What the task requires - Would you repeat exactly the part of the listing below that runs from the line containing "DEFESA DA MASSA" down to the line containing "就追踪精度方面,体感追踪器经历了 400+ 小时、100+", inclusive, and nothing else?

Supplied entries -
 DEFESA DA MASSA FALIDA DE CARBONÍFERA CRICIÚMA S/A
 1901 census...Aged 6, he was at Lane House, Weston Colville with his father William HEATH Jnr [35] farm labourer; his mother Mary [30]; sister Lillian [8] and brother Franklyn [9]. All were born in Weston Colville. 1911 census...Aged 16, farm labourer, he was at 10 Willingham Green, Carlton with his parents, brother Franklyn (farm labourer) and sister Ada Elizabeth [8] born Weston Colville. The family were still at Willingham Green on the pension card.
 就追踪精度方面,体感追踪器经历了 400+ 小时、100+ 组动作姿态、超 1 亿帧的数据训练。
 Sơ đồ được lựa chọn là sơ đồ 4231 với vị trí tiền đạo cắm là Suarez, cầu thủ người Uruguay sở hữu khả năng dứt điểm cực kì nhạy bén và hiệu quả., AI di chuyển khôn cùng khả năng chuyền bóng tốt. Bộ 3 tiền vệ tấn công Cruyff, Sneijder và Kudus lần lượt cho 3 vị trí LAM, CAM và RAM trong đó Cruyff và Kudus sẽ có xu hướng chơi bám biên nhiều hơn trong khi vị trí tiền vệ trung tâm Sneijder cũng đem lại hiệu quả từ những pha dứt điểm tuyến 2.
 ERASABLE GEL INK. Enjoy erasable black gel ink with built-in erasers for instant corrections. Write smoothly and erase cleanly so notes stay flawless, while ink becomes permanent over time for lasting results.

---

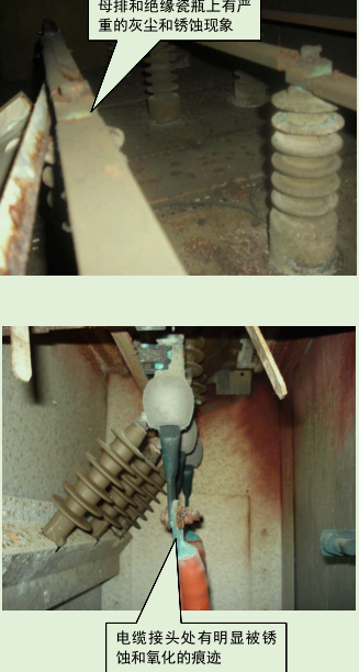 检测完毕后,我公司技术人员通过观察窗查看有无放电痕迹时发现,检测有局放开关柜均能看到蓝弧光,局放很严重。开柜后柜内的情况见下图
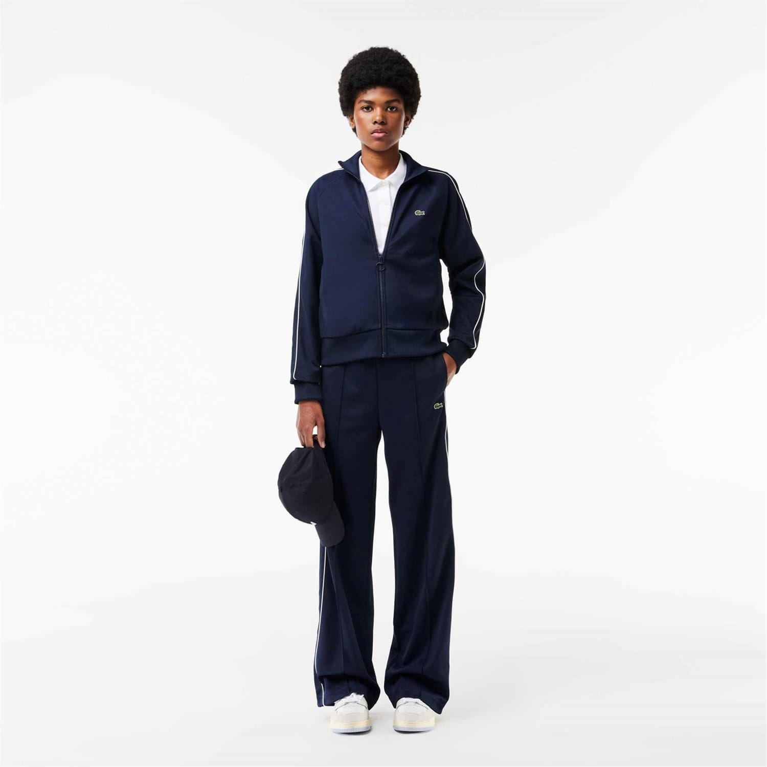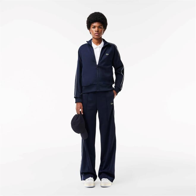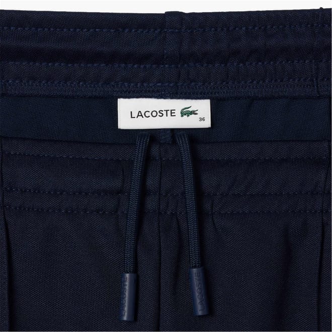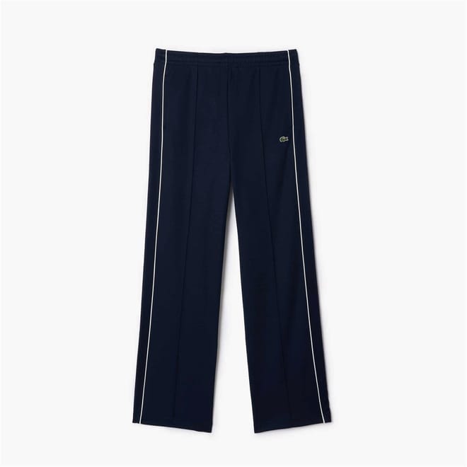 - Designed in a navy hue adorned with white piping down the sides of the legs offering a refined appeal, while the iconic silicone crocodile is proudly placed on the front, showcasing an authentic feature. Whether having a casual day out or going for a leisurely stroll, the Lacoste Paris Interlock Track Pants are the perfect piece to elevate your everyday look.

Task result -
 DEFESA DA MASSA FALIDA DE CARBONÍFERA CRICIÚMA S/A
 1901 census...Aged 6, he was at Lane House, Weston Colville with his father William HEATH Jnr [35] farm labourer; his mother Mary [30]; sister Lillian [8] and brother Franklyn [9]. All were born in Weston Colville. 1911 census...Aged 16, farm labourer, he was at 10 Willingham Green, Carlton with his parents, brother Franklyn (farm labourer) and sister Ada Elizabeth [8] born Weston Colville. The family were still at Willingham Green on the pension card.
 就追踪精度方面,体感追踪器经历了 400+ 小时、100+ 组动作姿态、超 1 亿帧的数据训练。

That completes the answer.